Detroit’s Ex-Hip Hop Mayor Kwame Kilpatrick Can’t Stay Out of Trouble — Not Even While He’s on Trial in Fed Court

Ex-Mayor Kwame Kilpatrick/official photo
 
By Allan Lengel
Deadline Detroit
DETROIT — In downtown Detroit, normally Monday through Friday, ex-Detroit Mayor Kwame Kilpatrick has his hands full as a defendant in one of the biggest public corruption trials in federal court in recent times.

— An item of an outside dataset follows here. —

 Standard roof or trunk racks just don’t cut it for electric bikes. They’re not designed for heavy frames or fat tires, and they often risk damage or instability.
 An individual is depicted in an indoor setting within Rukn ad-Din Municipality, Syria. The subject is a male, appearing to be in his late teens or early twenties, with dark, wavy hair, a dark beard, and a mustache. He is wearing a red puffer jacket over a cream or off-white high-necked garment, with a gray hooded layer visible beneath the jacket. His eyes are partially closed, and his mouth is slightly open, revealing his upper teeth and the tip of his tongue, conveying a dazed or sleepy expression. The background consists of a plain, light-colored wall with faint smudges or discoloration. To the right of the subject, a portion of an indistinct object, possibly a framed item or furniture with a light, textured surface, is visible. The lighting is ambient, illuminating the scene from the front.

The case started in September and will certainly go into February, if not beyond.

But some how the ex-mayor, who was once dubbed the hip-hop mayor because of his youth, is having a hard time staying out of trouble while he’s on trial.

Fox 2’s M.L. Elrick obtained and published surveillance video from a Walmart store in Chesterfield Township, outside of Detroit, showing Kilpatrick cashing a $2,000 wire transfer in December  from Pastor Corey Brooks of the New Beginnings Church in Chicago.

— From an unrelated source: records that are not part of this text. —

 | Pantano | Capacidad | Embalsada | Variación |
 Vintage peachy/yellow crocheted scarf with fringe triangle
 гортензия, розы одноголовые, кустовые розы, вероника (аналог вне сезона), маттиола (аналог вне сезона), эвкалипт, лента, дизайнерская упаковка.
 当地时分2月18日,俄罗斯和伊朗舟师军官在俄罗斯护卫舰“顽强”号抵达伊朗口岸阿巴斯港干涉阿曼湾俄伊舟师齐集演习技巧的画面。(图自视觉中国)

Fox 2 reported that Kilpatrick pocketed at least $800 of the money and wired about $1,100 to Texas, where his family lives. Problem is,  he’s on parole for  obstruction of justice in a state conviction that stemmed from sex texts and lying in court.  He still owes $800,000 to the city of Detroit and must, according to his parole conditions,  regularly report income or gifts to the state.

So on Thursday, after spending the morning in court, Kilpatrick went to his mother’s house (she former Congress member Carolyn Cheeks Kilpatrick)  where the parole officers from the the Michigan Department of Corrections fit him with a tether for violating his parole. Fox2 reports that he cab only  travel between his mother’s house and court, see his lawyers or go to approved speaking engagements for an undefined amount of time.

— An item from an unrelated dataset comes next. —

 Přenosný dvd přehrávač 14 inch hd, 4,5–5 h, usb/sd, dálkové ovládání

“Part of his parole conditions are that he has to report to us any income that he receives, any gifts that he receives during the month,”  Russ Marlan from the Michigan Department of Corrections told Fox2. “The problem is he reported zero dollars in income, zero dollars in gifts for the month of December.”

For a guy who became the youngest elected mayor in Detroit (he was 31) and for a guy who has a law degree and was a former state representative, Kilpatrick could act a little smarter.